[Data extracted from a collection]
....
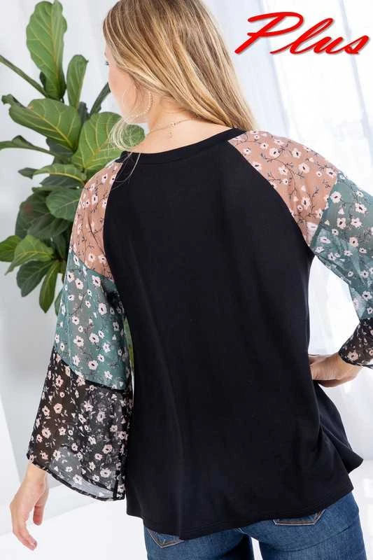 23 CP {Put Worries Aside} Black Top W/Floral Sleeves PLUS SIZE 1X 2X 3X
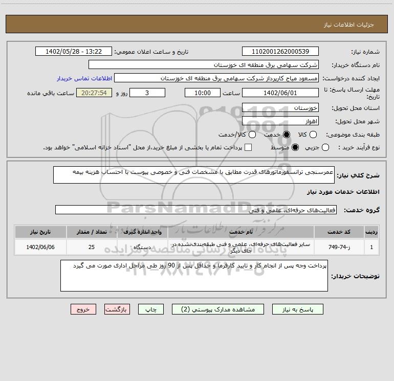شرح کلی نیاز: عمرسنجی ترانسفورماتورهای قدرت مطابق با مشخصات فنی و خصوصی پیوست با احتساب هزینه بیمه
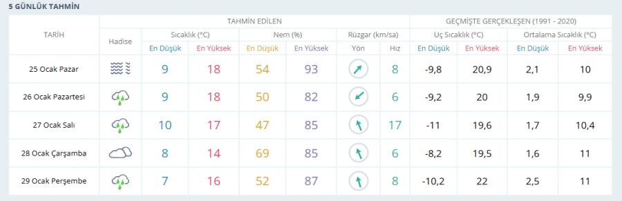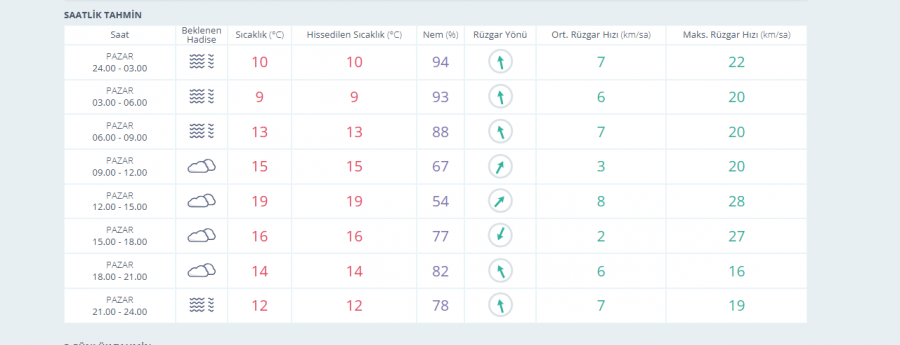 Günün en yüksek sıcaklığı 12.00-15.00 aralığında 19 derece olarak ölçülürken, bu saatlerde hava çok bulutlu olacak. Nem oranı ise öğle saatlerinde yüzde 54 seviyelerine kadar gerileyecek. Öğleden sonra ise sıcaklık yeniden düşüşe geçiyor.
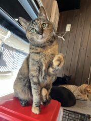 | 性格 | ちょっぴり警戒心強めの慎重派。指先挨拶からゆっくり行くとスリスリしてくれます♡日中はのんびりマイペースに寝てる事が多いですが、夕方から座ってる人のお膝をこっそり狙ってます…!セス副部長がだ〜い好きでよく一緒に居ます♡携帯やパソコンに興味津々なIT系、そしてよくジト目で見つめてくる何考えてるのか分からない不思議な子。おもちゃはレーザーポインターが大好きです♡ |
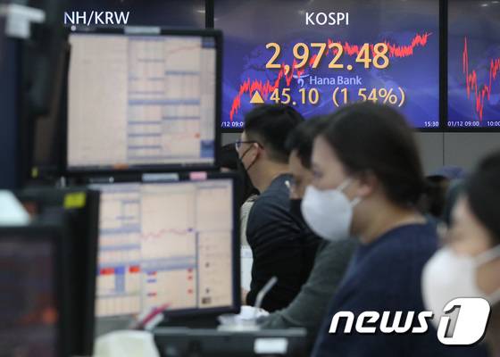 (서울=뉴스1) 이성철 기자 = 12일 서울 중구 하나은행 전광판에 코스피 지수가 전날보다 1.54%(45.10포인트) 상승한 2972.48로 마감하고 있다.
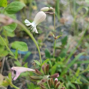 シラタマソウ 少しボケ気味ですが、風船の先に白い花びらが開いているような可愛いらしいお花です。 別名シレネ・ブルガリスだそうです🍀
....
### Work item
Write out each line exactly, from the one containing "(서울=뉴스1) 이성철 기자" through the end of the entries, and skip the pictures.

### Response area
 (서울=뉴스1) 이성철 기자 = 12일 서울 중구 하나은행 전광판에 코스피 지수가 전날보다 1.54%(45.10포인트) 상승한 2972.48로 마감하고 있다.
 シラタマソウ 少しボケ気味ですが、風船の先に白い花びらが開いているような可愛いらしいお花です。 別名シレネ・ブルガリスだそうです🍀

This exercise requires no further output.